Any known process can be used to produce the resin phase. It is preferred, however, that the resin phase be produced by mixing the appropriate concentration of monomers in a solvent such as toluene of about 60 to 80% monomer concentration. A suitable initiator such as peroxide,! from Benzoyl, di-t-butyl peroxide and the like can be added in the presence of a molecular weight control additive such as an alkyl mercaptan, for example, n-dodecyl mercaptan, n-octyl mercaptan, t-dodecyl mercaptan, benzyl mercaptan and similar.

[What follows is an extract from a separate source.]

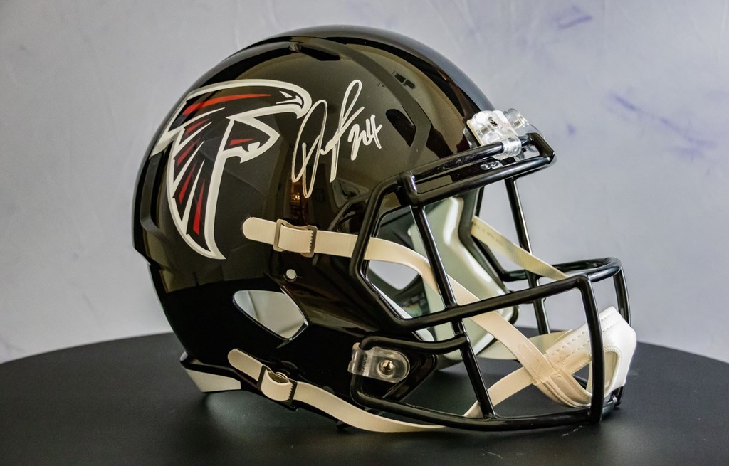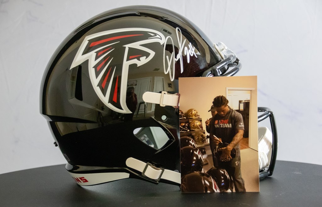NFL fans this one is for you. Beautiful full-sized helmet signed by Devonta Freeman with picture of him signing. Display this in the case that is included and it will set off any man cave or book shelf it sits on.

As mentioned above, this polymerization is preferably conducted in a two-stage system whereby the monomer solution is charged into the reactor of the first stage and polymerized from about 80 ° C to 110 ° C for about 12 to 24 hours . The degree of conversion is preferably adjusted from about 1 to 3% solids per hour. The polymer of the first stage is then preferably transferred to a second stage such as a plug flow reactor where the complete conversion of the monomer to polymer is carried out. The final solids content is generally in the range of about 60 to 70%. The initiators can be used in amounts in the range of about 0.01 to 5.0% by weight, based on the weight of the monomers. The molecular weight control additive can be used in equal amounts, by weight, again based on the weight of the monomers.

Additives such as heat and light stabilizers, antioxidants, lubricants, plasticizers, pigments, fillers, colorants and the like can be added to the resin phase, after or during the formation. Others; - additives they include antioxidants, flow promoters, mold releasers, dyes, UV stabilizers and formulations imparting gamma stability, chemical resistance and / or static dissipative properties.

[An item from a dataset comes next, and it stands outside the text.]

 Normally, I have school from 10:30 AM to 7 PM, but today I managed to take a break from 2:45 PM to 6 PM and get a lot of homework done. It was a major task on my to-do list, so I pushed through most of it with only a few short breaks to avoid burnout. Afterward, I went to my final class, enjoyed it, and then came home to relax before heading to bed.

The grafted rubber phase is prepared through a sequential and controlled addition of process monomers that inhibit agglomeration and / or aggregation of the gummy particles. In the process in which it is essentially a standard free radical initiation polymerization, 1 wherein at least one monomer has the best compatibility as a polymer to that of the resin phase is added to rubber latex and any other monomer which also Grafting is being done on gum, conventional initiators, and other polymerization components are used.

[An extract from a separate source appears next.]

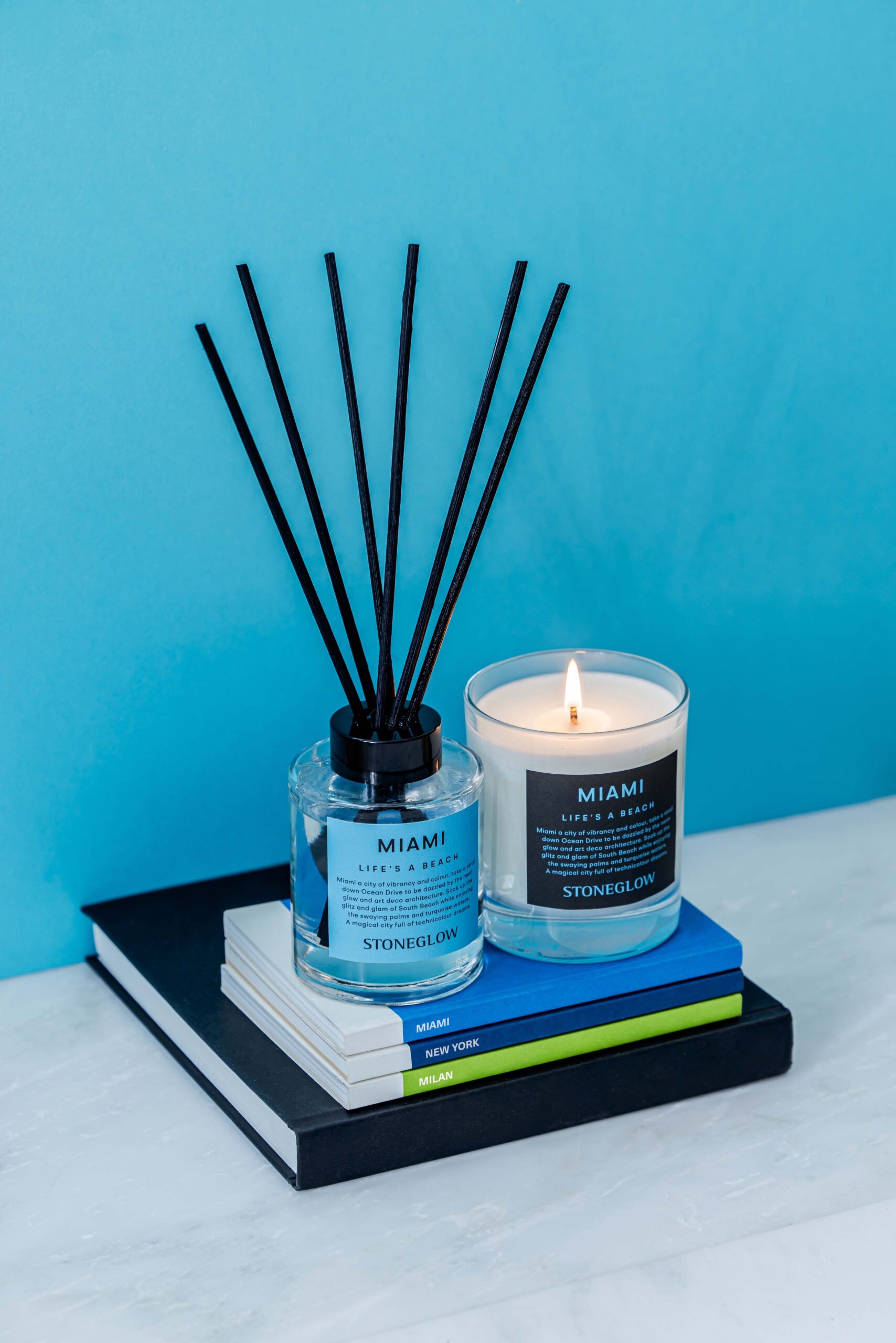 Coastal calm meets city sophistication with the Stoneglow Explorer – Miami – Life’s a Beach scented Candle. Miami, a city of vibrancy and colour, take a stroll down Ocean Drive to be dazzled by the neon glow and art deco architecture. Soak up the glitz and glam of South Beach while enjoying the swaying palms and turquoise waters. A magical city full of technicolour dreams. This hand poured 220g soy wax candle blends the crisp brightness of lemon with the soft floral depth of jasmine, grounded by aromatic clary sage, capturing the essence of late afternoons on South Beach and sultry nights beneath neon lights.

Without wishing to be bound by any theory, it is believed that non-agglomeration is caused by the placement of; an essentially uniform shell of resin around rubbery particles where the outer layer of the shell is composed mainly of a controllably added monomer. ": Monomer that is added in a controlled manner should be added for a period of at least 15 minutes, preferably at least 1 hour, and more preferably around 1 to 3 hours, within the grafting reaction occurring during the addition and preferably | it [leaves continue later for approximately 1 hour. The initiator when it is in a redox type can be included in the reactor initially, it can be added simultaneously with the monomer controlled either in the same stream or in a separate stream; or ultraviolet light can be used. Generally, the initiator is used in an amount of up to about 4 times the standard amounts used in U.S. Patent No. 4,085,166. When the initiator is added at the same time that the controlled monomer either the oxidant or reduction portion can be placed in the reactor initially and only the other portion needs to be added in a controlled manner. The reaction is conducted in the pH range of about 6.0 to 8.5 and in the temperature range of from about room temperature to about 65 ° C although none of these have been found to be critical to the present invention.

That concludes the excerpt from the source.